Generate a QPSK reference signal and input waveform. Fix the random seed.

 s = rng(123);
refSignal = pskmod(randi([0 3],[512 1]),4,pi/4);
waveform = pskmod(randi([0 3],[512 1]),4,pi/4);

Check the timing offset by using the reference signal as both inputs. Expected offset is 0.

offset1 = timingEstimate(refSignal,refSignal)
offset1 = 
0

Check the timing offset between the input waveform and the reference signal.

offset2 = timingEstimate(waveform,refSignal) % Expected offset is []
offset2 =

     []

offset3 = timingEstimate([zeros(5,1);refSignal],refSignal) % Expected offset is 5
offset3 = 
5

offset4 = timingEstimate([refSignal(2:end);0],refSignal) % Expected offset is -1
offset4 = 
-1

Generate a noise waveform input to compare with the reference signal.

noisyWaveform = awgn(refSignal,-15,'measured');

Estimate the timing offset and the normalized correlation magnitude between the noisy waveform and the reference signal.

[offset5, normCorr] = timingEstimate(noisyWaveform,refSignal) % Expected offset is []
offset5 =

     []

normCorr = 1023×1

    0.0442
    0.0198
    0.0066
    0.0462
    0.0556
    0.0391
    0.0425
    0.0149
    0.0185
    0.0532
      ⋮

Adjust the threshold to control the probability of missed detection. If needed, collect more normalized correlation data.

histogram(normCorr(:))

Figure contains an axes object. The axes object contains an object of type histogram.

offset6 = timingEstimate(noisyWaveform,refSignal,Threshold=0.05) % Expected offset is 0
offset6 = 
0

Restore random seed.

rng(s);
Open Live Script

Adjust the window length for a timing offset estimate to reduce intersymbol interference (ISI) in orthogonal frequency division multiplexing (OFDM) transmission.

Specify the OFDM parameters.

nfft = 512;
cplen = 16;
symLen = nfft + cplen;
nullIdx = [1:6 nfft/2+1 nfft-5:nfft]';
numDataCarrs = nfft-length(nullIdx);
modOrder = 64;

Generate the OFDM signal.
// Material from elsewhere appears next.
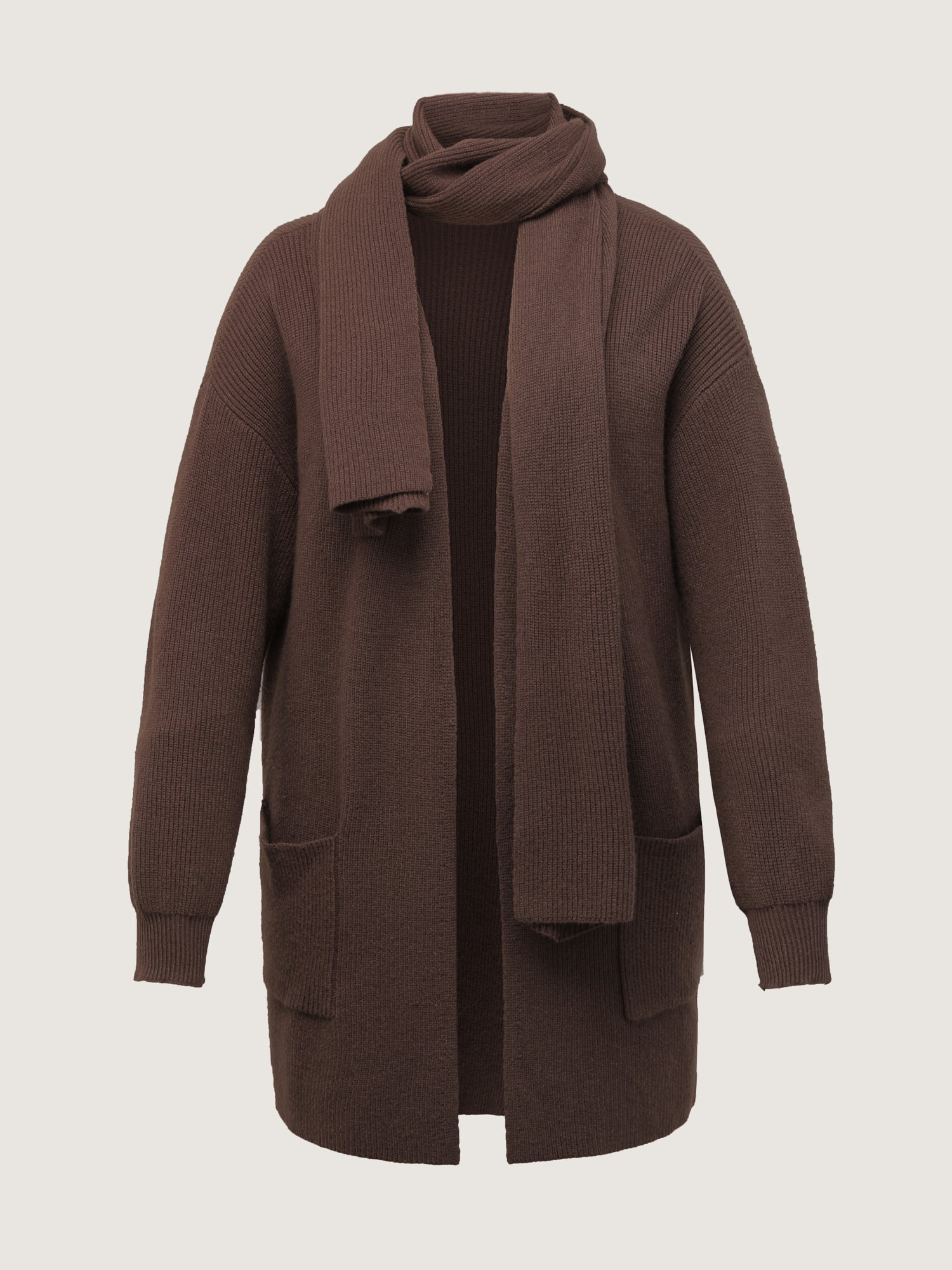 Textured Scarf Pockets Knit Cardigan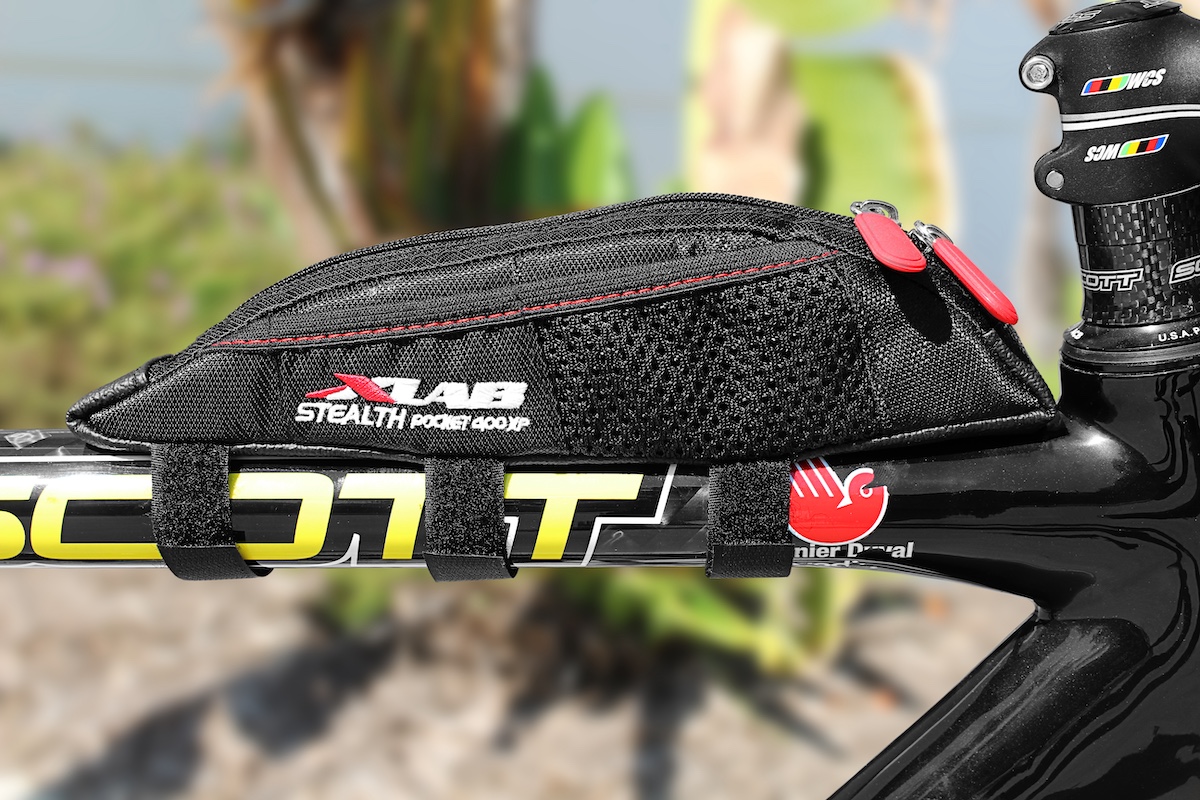 Armazenamento universal montado na top tube, otimizado para bicicletas com mesa inclinada ou cabos passando pelo top tube.

Fix the random seed.

s = rng(123);
numSym = 100;
srcBits = randi([0,1], [numDataCarrs*log2(modOrder) numSym+2]);
ofdmData = qammod(srcBits,modOrder,InputType='bit', ...
            UnitAveragePower=true);
txSignal = ofdmmod(ofdmData,nfft,cplen,nullIdx);

Use the second OFDM symbol as a reference signal.

refSig = txSignal(symLen+(1:symLen));

Generate a channel filter randomly. Make h(4) the biggest peak.

h = 10*randn(cplen+1,1,'like',1j);
h(4) = h(4)/abs(h(4))*(2*max(abs(h)));

Pass reference signal through a filter. Add delay and noise.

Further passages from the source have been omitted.